Blatt received awards for Distinguished Contributions to Research from Division 12 (Clinical Psychology) and Division 39 (Psychoanalysis) of the American Psychological Association, the Bruno Klopfer and Marguerite Hertz Awards of the Society for Personality Assessment for Distinguished Contributions to Personality Assessment, the Hans H. Strupp and the Otto Weininger Awards for Distinguished Contributions to Psychoanalysis, the 1995 Outstanding Scientific Paper Award (with Golan Shahar) from the American Psychoanalytic Association, the Founder's Distinguished Teaching Prize from the Western New England Institute for Psychoanalysis, the Distinguished Contributions Award from the Committee on Research and Special Training (CORST) of the American Psychoanalytic Association, the Exceptional Research Award (with P. Luyten, N. Vielgen, and B. Van Houdenhave) from the International Psychoanalytic Association, and the Mary S, Sigourney Award for Distinguished Contributions to Psychoanalytic Theory and Research.

==Theory==

===Two Configurations Approach to Depression===
Blatt began to develop his two configurations model of depression and, later, more broadly, of personality functioning, during his psychoanalytic training, when he noticed that two of his psychoanalytic control cases shared the same diagnosis, depression, but were very different with regard to their outward behavior and their predominant motivations or psychodynamics. The first patient was preoccupied with issues of interpersonal relatedness; she felt unloved and feared being abandoned. Her behavioral style could be characterized as dependent. The second patient had profound feelings of guilt and worthlessness despite a history of significant professional accomplishment. He was deeply self-critical. Blatt labeled these two types of depression anaclitic and introjective, respectively. The term anaclitic refers to the basic need to lean upon others and to form interpersonal bonds and relationships with them. The term introjective refers to the excessive harshness of superego introjects in individuals with self-critical depression. At about the same time, Blatt, with a graduate student Joseph D’Afflitti, developed the Depressive Experiences Questionnaire (DEQ), a self-report measure that assesses the daily life experiences, rather than the overt symptomatology, of depressed people. Analysis of the DEQ revealed three factors, the first two matching Blatt's theoretical understanding of anaclitic and introjective dimensions in depression. A third factor representing competency, strength, and belief in oneself, was termed efficacy. The DEQ has been used extensively not only to study aspects of clinical depression but also to explore nonclinical depressive experiences.

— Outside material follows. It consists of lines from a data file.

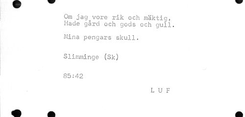 //// Om jagovore rik och mäktig, Hade gård och gods och gull. //// Mina pengars skull. Slimminge (Sk) 85:42 //// L U F ////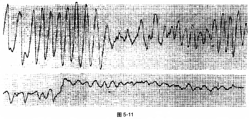 - [材料题] 患者,男性,34岁,主因“误服药酒后口周及肢体麻木3小时”入院。否认高血压、冠状动脉粥样硬化性心脏病、糖尿病病史。患者于入院前3小时误服川乌草药酒约150ml,30分钟后出现口舌及四肢麻木、恶心、呕吐、感心悸。入院1小时出现面色苍白、大汗淋漓,进而晕厥。入院时查体:BP90/60mmHg,HR160次/min,心律不齐,大汗,皮肤湿冷。心电监护示反复多形室性心动过速,双向室性心动过速,尖端扭转性室性心动过速、心室颤动(图5-11),急查电解质血[K⁺]3.31mmol/L,血糖正常。反复给予直流电复律,电除颤。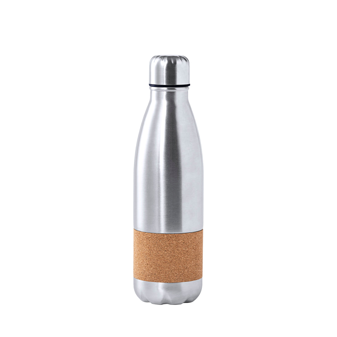 Bidón de línea nature, en combinación de materiales acero inox de acabado mate y corcho. 750ml de capacidad, con tapón de seguridad y presentado en atractiva caja de diseño eco.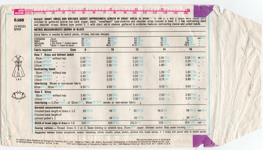 Patrón de costura vintage de los años 70 con escote fruncido y chaqueta para mujer Simplicity 6388, talla 12 o 14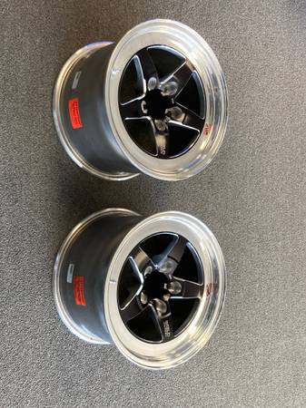 Original part # 71mb-510A75A Ford 5x4.5 bolt pattern 7.50 backspacing Approx 500 miles and 30 passes on wheels Ran wheels on 12 Shelby GT 500 - selling new for $700 each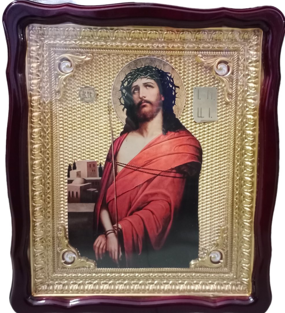 Храмовая икона Иисус Христос в терновом венце в ризе под стеклом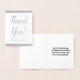 This elegant silver foil thank-you greeting card design features the message "Thank You!" on the front, along with a customizable message on the inside. It could be used to show gratitude to somebody who has done a special deed.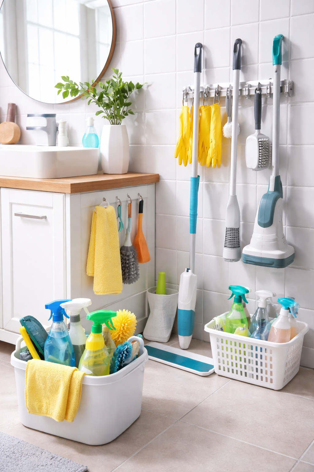 (1) 욕실 청소 도구 배치는 사용 빈도를 기준으로 나누는 것이 핵심이다. 매일 사용하는 스퀴지와 변기솔은 가장 접근성이 좋은 위치에 두고 주간 단위로 사용하는 브러시와 세정제는 한 단계 뒤쪽에 배치한다. 사용 빈도에 따른 거리 조절은 꺼내고 넣는 동작을 줄여 청소 시작의 심리적 부담을 낮춘다. 손을 뻗었을 때 바로 잡히는 구조는 짧은 청소를 자주 하게 만드는 동기가 된다.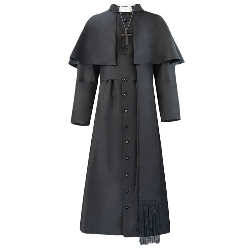 Retro Vintage Medieval Coat Necklace Trench Coat Witch Plague Doctor Priest Solid Colored Fancy Dress Men's Steampunk Walpurgis Night Halloween Carnival Masquerade Party / Evening Stage Adults' Coat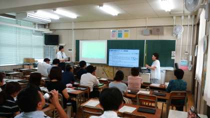 タブレットが4月から新しくなり、8月2日に機能を更新したので、研修を行いました。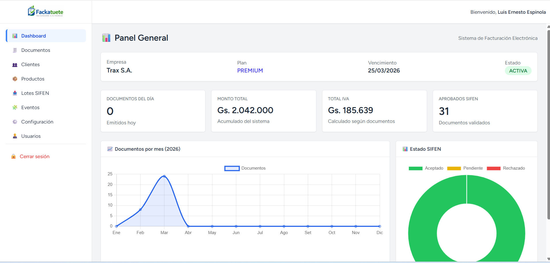 Visualiza el estado de tu facturación electrónica, montos totales, IVA y documentos aprobados por SIFEN.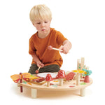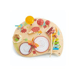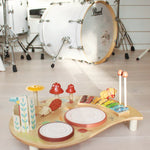 Nuestra mesa musical es un juguete educativo y divertido, diseñado para estimular la creatividad y el desarrollo sensorial de los niños. Fabricado con madera durable y pintura no tóxica, este set incluye dos tambores en forma de tronco, un xilófono de colores, un platillo amarillo, un silbato en forma de pájaro, dos campanas en forma de setas, una mariposa de clic-clac, un carillón de madera y dos baquetas de madera.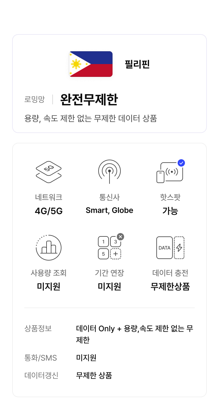 여행 중에도 끊김 없는 통신 환경으로 길 찾기, SNS 업로드, 동영상 스트리밍 등 다양한 활동을 마음껏 즐길 수 있습니다. eSIM으로 간편하게 연결하고, 데이터 감속 걱정 없이 필리핀 여행을 더욱 완벽하게 만들어보세요.

Blatt and colleagues subsequently realized that the two depressive experiences, anaclitic (or dependent) and introjective (or self-critical), could be linked to two fundamental developmental pathways, relatedness and self-definition, that occur in both normality and psychopathology and that mature or develop in complex interaction with each other. Blatt proposed that not just psychopathology but indeed normal psychological development and functioning could be understood as reflective of these fundamental developmental lines, relational and self-definitional. Thus, normal personality or character styles, clinical personality dysfunctions, and psychopathological symptoms and syndromes could all be classified with respect to their varying manifestations, whether adaptive or maladaptive, of relational and self-definitional needs. Blatt's recognition of the psychological centrality of these two fundamental personality dimensions structured his extensive examination, over the next 40 years, of the etiology, clinical characteristics, and treatment of depression, as well as of adaptive and maladaptive personality development more broadly in evolutionary, neurobiological, and sociocultural perspectives. Studies based on these two personality dimensions have called attention to the need to consider the effects of personality in multiple areas of research and intervention. For example, two aspects of self-
definition, self-criticism and efficacy, were found to affect academic achievement among mid-school students, maternal self-criticism and dependency were found to affect mother-child communication and self-criticism was found to affect goal construction in young adulthood

===Representational Theory and Adaptive and Maladaptive Personality Development===
Integrating concepts from cognitive developmental psychology (i.e., ideas from Jean Piaget and Heinz Werner), psychoanalytic developmental theory (i.e., ideas from Beatrice Beebe, Anna Freud, Edith Jacobson, Margaret Mahler, and Daniel Stern) and attachment theory and research (i.e., ideas from Mary Ainsworth, John Bowlby, and Mary Main), Blatt proposed a model of personality development focusing on the development of cognitive-affective schemas of self and others, schemas that in the psychoanalytic literature are termed object relations, internalizations of relationships with emotionally significant others or objects. He posited that these schemas emerge from the interaction between basic biological or temperamental predispositions and the matrix of early caregiving relationships in which one is raised and, despite the centrality of early relational experiences in constituting them, continue to develop across the lifespan. By structuring the perception and experience of self and others, these cognitive-affective-experiential schemas guide an individual's eventual identity formation and intimate relationship choices. Disrupted caregiving and environmental demands that exceed the child's biological capacities can disrupt the development of these schemas and can result in psychopathology, usually in the form of either an exaggerated emphasis on relational needs at the expense of autonomy and individuation or an exaggerated emphasis on self-definition at the expense of relationship, attachment, and intimacy, although some persons have disruptions in both relational and self-definitional schemas and therefore manifest both relational and self-definitional disturbances in behavior. According to Blatt, the severity of psychopathology is associated with the developmental level or levels at which
disruptions in the cognitive structural organization of these schemas of self and other occurred.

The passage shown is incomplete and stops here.